DATASET RECORDS:

- Opening Delimiter -

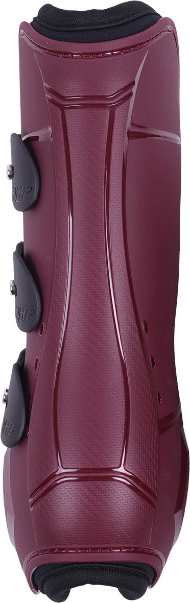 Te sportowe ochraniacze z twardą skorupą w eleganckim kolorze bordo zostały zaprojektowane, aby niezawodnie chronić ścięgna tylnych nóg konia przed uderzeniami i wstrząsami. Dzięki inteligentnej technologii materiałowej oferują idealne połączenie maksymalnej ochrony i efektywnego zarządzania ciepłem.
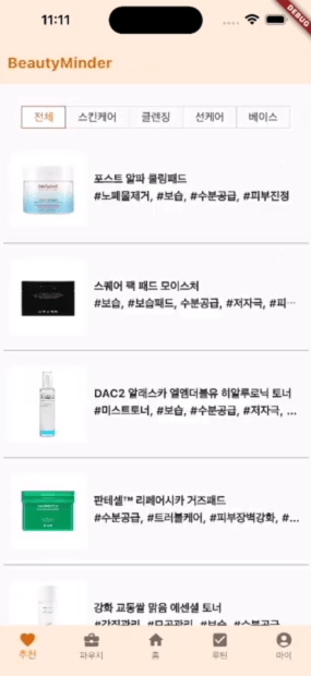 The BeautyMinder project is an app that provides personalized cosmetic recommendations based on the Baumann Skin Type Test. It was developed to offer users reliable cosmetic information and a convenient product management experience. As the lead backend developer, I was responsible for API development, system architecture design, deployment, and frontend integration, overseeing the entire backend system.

- Closing Delimiter -
- Opening Delimiter -

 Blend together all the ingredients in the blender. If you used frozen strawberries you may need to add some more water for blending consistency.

- Closing Delimiter -

WHAT THE EXERCISE ASKS:
Reproduce exactly the lines of the data above that run from the line with "Te sportowe ochraniacze" down to the line with "The BeautyMinder project", both ends included. Pictures do not belong in the copy.

YOUR SOLUTION:
 Te sportowe ochraniacze z twardą skorupą w eleganckim kolorze bordo zostały zaprojektowane, aby niezawodnie chronić ścięgna tylnych nóg konia przed uderzeniami i wstrząsami. Dzięki inteligentnej technologii materiałowej oferują idealne połączenie maksymalnej ochrony i efektywnego zarządzania ciepłem.
 The BeautyMinder project is an app that provides personalized cosmetic recommendations based on the Baumann Skin Type Test. It was developed to offer users reliable cosmetic information and a convenient product management experience. As the lead backend developer, I was responsible for API development, system architecture design, deployment, and frontend integration, overseeing the entire backend system.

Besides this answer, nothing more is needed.